The sine of the angle between the straight line $\frac{x-2}{3}=\frac{3-y}{-4}=\frac{z-4}{5}$ and the plane 2x - 2y + z = 5 is

• A. $\frac{3}{\sqrt{50}}$
• B. $\frac{3}{50}$
• C. $\frac{4}{5\sqrt2}$
• D. $\frac{\sqrt2}{10}$

Answer 1

The Correct Option is D

We need to find the sine of the angle between the straight line $\frac{x-2}{3} = \frac{3-y}{-4} = \frac{z-4}{5}$ and the plane $2x - 2y + z = 5$.

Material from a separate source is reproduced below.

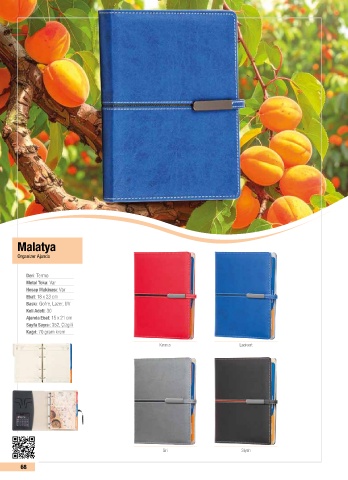 Malatya Organizer Ajanda Deri: Termo Metal Toka: Var Hesap Makinası: Var Ebat: 18 x 23 cm Baskı: Gofre, Lazer, UV Koli Adeti: 30 Ajanda Ebat: 15 x 21 cm Sayfa Sayısı: 352, Çizgili Kağıt: 70 gram krem Kırmızı Lacivert Gri Siyah 68

First, rewrite the equation of the line in the standard form: $\frac{x-2}{3} = \frac{y-3}{4} = \frac{z-4}{5}$. So, the direction vector of the line is $\vec{b} = (3, 4, 5)$.

The normal vector to the plane $2x - 2y + z = 5$ is $\vec{n} = (2, -2, 1)$.

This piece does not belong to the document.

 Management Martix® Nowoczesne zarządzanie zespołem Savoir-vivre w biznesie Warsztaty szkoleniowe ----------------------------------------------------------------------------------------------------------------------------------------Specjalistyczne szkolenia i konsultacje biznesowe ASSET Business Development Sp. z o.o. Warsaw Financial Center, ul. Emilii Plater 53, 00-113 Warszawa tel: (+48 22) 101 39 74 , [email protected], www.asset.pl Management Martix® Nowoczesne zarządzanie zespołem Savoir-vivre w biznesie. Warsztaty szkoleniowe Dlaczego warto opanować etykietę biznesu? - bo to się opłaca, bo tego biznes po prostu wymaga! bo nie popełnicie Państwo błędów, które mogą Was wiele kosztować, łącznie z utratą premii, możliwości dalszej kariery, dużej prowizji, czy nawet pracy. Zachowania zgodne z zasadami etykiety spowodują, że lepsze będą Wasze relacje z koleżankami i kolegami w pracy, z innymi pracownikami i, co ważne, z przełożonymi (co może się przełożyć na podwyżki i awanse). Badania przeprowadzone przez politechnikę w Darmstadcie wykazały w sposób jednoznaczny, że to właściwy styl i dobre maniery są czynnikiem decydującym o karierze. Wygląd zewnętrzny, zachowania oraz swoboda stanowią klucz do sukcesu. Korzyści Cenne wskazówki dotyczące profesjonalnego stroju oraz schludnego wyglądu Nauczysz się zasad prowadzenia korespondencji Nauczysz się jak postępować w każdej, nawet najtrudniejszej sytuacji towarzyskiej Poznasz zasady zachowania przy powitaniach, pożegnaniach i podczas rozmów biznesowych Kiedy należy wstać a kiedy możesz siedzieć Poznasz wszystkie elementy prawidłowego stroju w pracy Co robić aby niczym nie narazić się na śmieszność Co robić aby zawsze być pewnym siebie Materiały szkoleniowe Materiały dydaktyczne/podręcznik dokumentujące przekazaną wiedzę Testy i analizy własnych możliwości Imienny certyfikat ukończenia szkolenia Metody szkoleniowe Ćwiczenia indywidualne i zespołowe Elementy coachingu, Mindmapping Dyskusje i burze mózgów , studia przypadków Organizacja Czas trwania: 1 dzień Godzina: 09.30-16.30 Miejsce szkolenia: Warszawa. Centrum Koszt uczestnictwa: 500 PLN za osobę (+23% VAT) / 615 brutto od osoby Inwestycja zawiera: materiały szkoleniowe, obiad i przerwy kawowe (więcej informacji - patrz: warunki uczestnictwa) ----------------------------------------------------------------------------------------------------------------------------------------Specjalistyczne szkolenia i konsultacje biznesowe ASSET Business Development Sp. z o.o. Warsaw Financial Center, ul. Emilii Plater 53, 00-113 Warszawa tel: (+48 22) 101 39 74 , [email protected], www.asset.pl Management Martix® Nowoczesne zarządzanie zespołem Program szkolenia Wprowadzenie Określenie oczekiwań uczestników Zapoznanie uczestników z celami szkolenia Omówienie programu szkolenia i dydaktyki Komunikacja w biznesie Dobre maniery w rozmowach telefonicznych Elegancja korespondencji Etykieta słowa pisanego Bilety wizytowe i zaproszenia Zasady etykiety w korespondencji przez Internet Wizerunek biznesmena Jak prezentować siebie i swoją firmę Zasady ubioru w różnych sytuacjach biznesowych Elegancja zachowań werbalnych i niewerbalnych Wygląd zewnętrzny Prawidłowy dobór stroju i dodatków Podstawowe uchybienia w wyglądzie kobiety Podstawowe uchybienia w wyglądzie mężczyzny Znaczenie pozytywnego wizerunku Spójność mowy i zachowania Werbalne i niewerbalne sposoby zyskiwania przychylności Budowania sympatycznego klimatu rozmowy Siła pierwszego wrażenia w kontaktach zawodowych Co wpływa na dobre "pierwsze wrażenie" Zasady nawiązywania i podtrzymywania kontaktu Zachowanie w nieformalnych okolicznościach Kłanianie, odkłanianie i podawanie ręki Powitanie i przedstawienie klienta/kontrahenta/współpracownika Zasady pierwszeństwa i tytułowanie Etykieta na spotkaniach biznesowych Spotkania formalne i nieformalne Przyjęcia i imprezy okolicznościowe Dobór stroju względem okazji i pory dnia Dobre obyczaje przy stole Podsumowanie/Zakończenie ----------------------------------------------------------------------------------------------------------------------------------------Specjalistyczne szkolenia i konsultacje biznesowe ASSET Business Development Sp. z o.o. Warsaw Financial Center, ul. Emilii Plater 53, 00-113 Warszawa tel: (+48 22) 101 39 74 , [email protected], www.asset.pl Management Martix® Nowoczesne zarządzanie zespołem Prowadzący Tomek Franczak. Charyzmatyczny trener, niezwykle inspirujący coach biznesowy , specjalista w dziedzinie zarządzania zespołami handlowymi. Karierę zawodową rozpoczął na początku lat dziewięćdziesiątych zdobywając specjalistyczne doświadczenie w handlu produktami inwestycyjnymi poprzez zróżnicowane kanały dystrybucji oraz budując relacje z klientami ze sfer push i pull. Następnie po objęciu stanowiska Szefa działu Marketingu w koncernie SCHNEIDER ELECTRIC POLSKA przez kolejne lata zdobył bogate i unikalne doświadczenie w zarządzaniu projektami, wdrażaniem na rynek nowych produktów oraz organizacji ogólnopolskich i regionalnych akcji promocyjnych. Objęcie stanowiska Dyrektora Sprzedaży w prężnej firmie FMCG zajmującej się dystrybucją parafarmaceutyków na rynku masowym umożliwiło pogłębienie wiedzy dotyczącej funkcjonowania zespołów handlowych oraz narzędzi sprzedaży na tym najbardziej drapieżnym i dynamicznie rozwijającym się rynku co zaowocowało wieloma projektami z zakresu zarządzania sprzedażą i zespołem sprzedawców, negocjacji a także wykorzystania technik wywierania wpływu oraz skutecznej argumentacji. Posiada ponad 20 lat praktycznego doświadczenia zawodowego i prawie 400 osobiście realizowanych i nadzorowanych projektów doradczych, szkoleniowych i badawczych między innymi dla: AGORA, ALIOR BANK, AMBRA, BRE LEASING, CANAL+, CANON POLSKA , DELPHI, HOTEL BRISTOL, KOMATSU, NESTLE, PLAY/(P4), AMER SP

Let $\theta$ be the angle between the line and the plane. The angle between the direction vector $\vec{b}$ of the line and the normal vector $\vec{n}$ of the plane is the complement of $\theta$, i.e., $\frac{\pi}{2} - \theta$.

So, $\sin \theta = \cos(\frac{\pi}{2} - \theta) = \frac{|\vec{b} \cdot \vec{n}|}{|\vec{b}| |\vec{n}|}$

$\vec{b} \cdot \vec{n} = (3)(2) + (4)(-2) + (5)(1) = 6 - 8 + 5 = 3$

$|\vec{b}| = \sqrt{3^2 + 4^2 + 5^2} = \sqrt{9 + 16 + 25} = \sqrt{50} = 5\sqrt{2}$

$|\vec{n}| = \sqrt{2^2 + (-2)^2 + 1^2} = \sqrt{4 + 4 + 1} = \sqrt{9} = 3$

$\sin \theta = \frac{|3|}{(5\sqrt{2})(3)} = \frac{3}{15\sqrt{2}} = \frac{1}{5\sqrt{2}} = \frac{\sqrt{2}}{10}$

Therefore, the sine of the angle between the line and the plane is $\frac{\sqrt{2}}{10}$.

Thus, the correct option is (D) $\frac{\sqrt{2}}{10}$.